What would settle it

A text-only pretrained model that reaches 95 percent accuracy on the PIQA test set without any additional physical simulation or sensory data.

read the original abstract

To apply eyeshadow without a brush, should I use a cotton swab or a toothpick? Questions requiring this kind of physical commonsense pose a challenge to today's natural language understanding systems. While recent pretrained models (such as BERT) have made progress on question answering over more abstract domains - such as news articles and encyclopedia entries, where text is plentiful - in more physical domains, text is inherently limited due to reporting bias. Can AI systems learn to reliably answer physical common-sense questions without experiencing the physical world? In this paper, we introduce the task of physical commonsense reasoning and a corresponding benchmark dataset Physical Interaction: Question Answering or PIQA. Though humans find the dataset easy (95% accuracy), large pretrained models struggle (77%). We provide analysis about the dimensions of knowledge that existing models lack, which offers significant opportunities for future research.

Editorial analysis

A structured set of objections, weighed in public.

Desk editor's note, referee report, simulated authors' rebuttal, and a circularity audit. Tearing a paper down is the easy half of reading it; the pith above is the substance, this is the friction.

Referee Report

2 major / 3 minor

Summary. The paper introduces the PIQA benchmark for physical commonsense reasoning, consisting of crowdsourced multiple-choice questions about everyday physical tasks and interactions. It reports that humans achieve 95% accuracy on the dataset while large pretrained language models reach only 77%, and provides an analysis of the specific dimensions of physical knowledge (such as affordances and dynamics) where current models are deficient.

Significance. If the dataset construction successfully isolates physical reasoning requirements from textual artifacts, the work is significant for natural language understanding research. It directly demonstrates the impact of reporting bias in text corpora on learning physical commonsense and supplies both a reusable benchmark and targeted error analysis that can guide future efforts to integrate world knowledge into pretrained models. The release of the dataset and the human-model gap constitute clear contributions.

major comments (2)

[§3] §3 (Dataset Construction): The central claim that the 18-point human-model gap reflects missing physical interaction knowledge rather than statistical cues requires explicit validation that incorrect options lack exploitable lexical, syntactic, or co-occurrence signals. The description of crowdsourcing physical tasks and generating alternatives does not include quantitative checks such as n-gram overlap statistics, bag-of-words baseline performance, or adversarial filtering results that would rule out reporting bias exploitation by pretrained models.
[§5] §5 (Analysis of Model Deficiencies): While the paper discusses dimensions of missing knowledge, the error analysis does not quantify the proportion of model errors attributable to genuine physical reasoning failures versus potential dataset artifacts (e.g., option plausibility detectable from text alone). This weakens the claim that the benchmark offers clear opportunities for future research on specific knowledge gaps.

minor comments (3)

[Table 1] Table 1: Model accuracy numbers should include standard deviations across multiple random seeds or runs to establish robustness of the reported 77% ceiling.
[Figure 2] Figure 2: The visualization of knowledge dimensions would benefit from explicit mapping to example PIQA questions to make the analysis more concrete for readers.
Related Work section: Consider adding a brief comparison to contemporaneous physical reasoning benchmarks to clarify PIQA's distinct contribution.
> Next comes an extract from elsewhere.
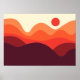 A bold minimalist landscape design in shades of red, orange, red-brown and cream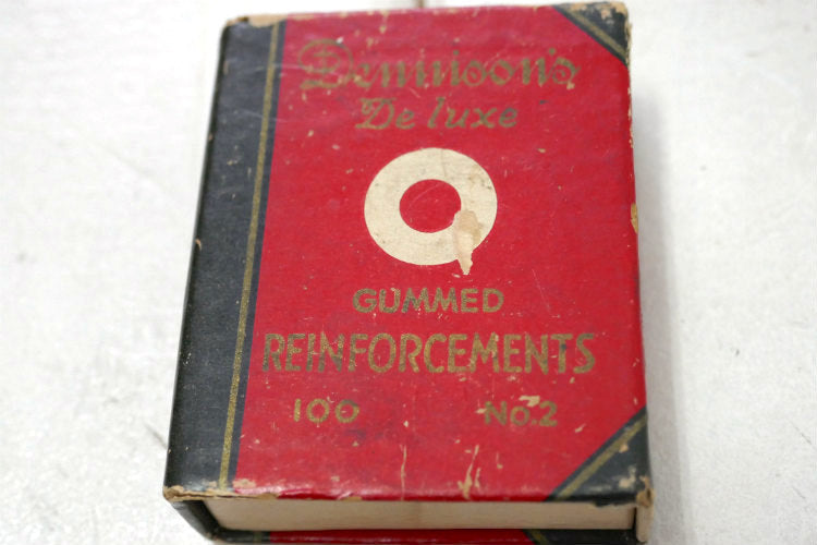 パッケージに【Dennison De Luxe Gummed Reinforcements 100 No.2】、背面にメンディングテープのイラストなどのプリントが入っております。

Simulated Author's Rebuttal

2 responses · 0 unresolved

We thank the referee for their constructive comments, which highlight important aspects of validating the PIQA benchmark's focus on physical commonsense. We address each major comment below and describe the corresponding revisions to the manuscript.

read point-by-point responses

Referee: §3 (Dataset Construction): The central claim that the 18-point human-model gap reflects missing physical interaction knowledge rather than statistical cues requires explicit validation that incorrect options lack exploitable lexical, syntactic, or co-occurrence signals. The description of crowdsourcing physical tasks and generating alternatives does not include quantitative checks such as n-gram overlap statistics, bag-of-words baseline performance, or adversarial filtering results that would rule out reporting bias exploitation by pretrained models.

Authors: We agree that quantitative checks are needed to strengthen the claim that the gap arises from missing physical knowledge rather than exploitable textual signals. The original manuscript emphasized the crowdsourcing protocol but omitted these metrics. In the revision, we have added n-gram overlap statistics between correct and incorrect options (showing minimal differences), a bag-of-words baseline achieving only ~55% accuracy, and results from a simple adversarial filtering pass. These are now reported in the updated §3 to better rule out statistical artifacts. revision: yes
Referee: §5 (Analysis of Model Deficiencies): While the paper discusses dimensions of missing knowledge, the error analysis does not quantify the proportion of model errors attributable to genuine physical reasoning failures versus potential dataset artifacts (e.g., option plausibility detectable from text alone). This weakens the claim that the benchmark offers clear opportunities for future research on specific knowledge gaps.

Authors: We acknowledge that a quantitative breakdown of error sources would make the analysis more robust. Fully automated separation of physical failures from textual artifacts is difficult without additional targeted annotations. We have therefore expanded §5 with a manual review of 200 model errors, categorizing them into physical knowledge gaps (affordances, dynamics, etc.) versus potential artifacts, with approximate proportions reported. This provides a clearer, if partial, quantification while preserving the discussion of targeted future research directions. revision: partial

Circularity Check

0 steps flagged

No circularity: empirical benchmark paper with direct accuracy measurements and no derivations or self-referential predictions

full rationale

The paper introduces the PIQA dataset for physical commonsense reasoning and reports direct evaluation results (models at 77%, humans at 95%) along with analysis of model shortcomings. No mathematical derivations, equations, fitted parameters, or predictions that reduce to inputs by construction appear in the provided text or abstract. Results stem from straightforward accuracy measurements on a newly collected crowdsourced dataset rather than any self-definitional loop, fitted-input prediction, or load-bearing self-citation chain. The work is self-contained as an empirical benchmark without circular reductions.

Axiom & Free-Parameter Ledger

0 free parameters · 0 axioms · 0 invented entities

The central claim rests on the premise that the PIQA questions isolate physical commonsense rather than surface text statistics; no free parameters, axioms, or invented entities are introduced.

pith-pipeline@v0.9.0 · 5451 in / 1000 out tokens · 32943 ms · 2026-05-17T14:49:40.257530+00:00 · methodology

discussion (0)

Lean theorems connected to this paper

Citations machine-checked in the Pith Canon. Every link opens the source theorem in the public Lean library.

IndisputableMonolith.Foundation.DimensionForcing alexander_duality_circle_linking unclear

?

unclear
Relation between the paper passage and the cited Recognition theorem.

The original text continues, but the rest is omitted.